The above snippet shows that an RTCPeerConnection object is instantiated through a constructor taking an optional servers parameter as input. Such a parameter can be used to properly deal with NAT traversal issues, as will be explained in Chapter 4.
RTCPEERCONNECTION
Calling new RTCPeerConnection(configuration) creates an RTCPeerConnection object. The configuration has the information to find and access the STUN and TURN servers (there may be multiple servers of each type, with any TURN server also acting as a STUN server). Optionally, it also takes a MediaConstraints object Media Constraints.
When the RTCPeerConnection constructor is invoked, it also creates an ICE Agent responsible for the ICE state machine, controlled directly by the browser. The ICE Agent will proceed with gathering the candidate addresses when the IceTransports constraint is not set to “none.”
An RTCPeerConnection object has two associated stream sets. A local streams set, representing streams that are currently sent, and a remote streams set, representing streams that are currently received through this RTCPeerConnection object. The stream sets are initialized to empty sets when the RTCPeerConnection object is created.
The interesting thing to notice here is that the configuration of the newly created PeerConnection is done asynchronously, through the definition of proper callback methods.
NOTE
The onicecandidate handler is triggered whenever a new candidate is made available to the local peer by the ICE protocol machine inside the browser.
// Handler to be called whenever a new local ICE candidate becomes available
function gotLocalIceCandidate(event){
if (event.candidate) {
// Add candidate to the remote PeerConnection
remotePeerConnection.addIceCandidate(new RTCIceCandidate(event.candidate));
log("Local ICE candidate: \n" + event.candidate.candidate);
}
}
NOTE
The addIceCandidate() method provides a remote candidate to the ICE Agent. In addition to being added to the remote description, connectivity checks will be sent to the new candidates as long as the IceTransports constraint is not set to “none.”

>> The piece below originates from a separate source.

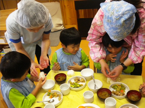 慣れた手つきで上手に三角おにぎりを作って見せてくれる子がいました。

The snippet takes for granted that the remote peer is actually run locally, which avoids the need for sending information about the gathered local address to the other party across a properly configured signaling channel. Here is why this application won’t work at all if you try and run it on two remote machines. In subsequent chapters we will discuss how we can create such a signaling channel and use it to transfer ICE-related (as well as session-related) information to the remote party. For the moment, we simply add the gathered local network reachability information to the (locally available) remote peer connection. Clearly, the same reasoning applies when switching roles between caller and callee, i.e., the remote candidates will simply be added to the local peer connection as soon as they become available:
...
// Create the remote PeerConnection object
remotePeerConnection = new RTCPeerConnection(servers);
log("Created remote peer connection object remotePeerConnection");
// Add a handler associated with ICE protocol events...
remotePeerConnection.onicecandidate = gotRemoteIceCandidate;
// ...and a second handler to be activated as soon as the remote
// stream becomes available
remotePeerConnection.onaddstream = gotRemoteStream;
...
NOTE
The onaddstream and onremovestream handlers are called any time a MediaStream is respectively added or removed by the remote peer. Both will be fired only as a result of the execution of the setRemoteDescription() method.
The preceding snippet is related to the onaddstream handler, whose implementation looks after attaching the remote stream (as soon as it becomes available) to the remoteVideo element of the HTML5 page, as reported in the following:
// Handler to be called as soon as the remote stream becomes available
function gotRemoteStream(event){
// Associate the remote video element with the retrieved stream
if (window.URL) {
// Chrome
remoteVideo.src = window.URL.createObjectURL(event.stream);
} else {
// Firefox
remoteVideo.src = event.stream;
}
log("Received remote stream");
}
Coming back to the Call() function, the only remaining actions concern adding the local stream to the local PeerConnection and eventually invoking the createOffer() method on it:
...
// Add the local stream (as returned by getUserMedia()
// to the local PeerConnection
localPeerConnection.addStream(localStream);
log("Added localStream to localPeerConnection");
// We're all set! Create an Offer to be 'sent' to the callee as soon as
// the local SDP is ready
localPeerConnection.createOffer(gotLocalDescription,onSignalingError);
}
function onSignalingError(error) {
console.log('Failed to create signaling message : ' + error.name);
}
NOTE
The addStream() and removeStream() methods add a stream to and remove a stream from an RTCPeerConnection object, respectively.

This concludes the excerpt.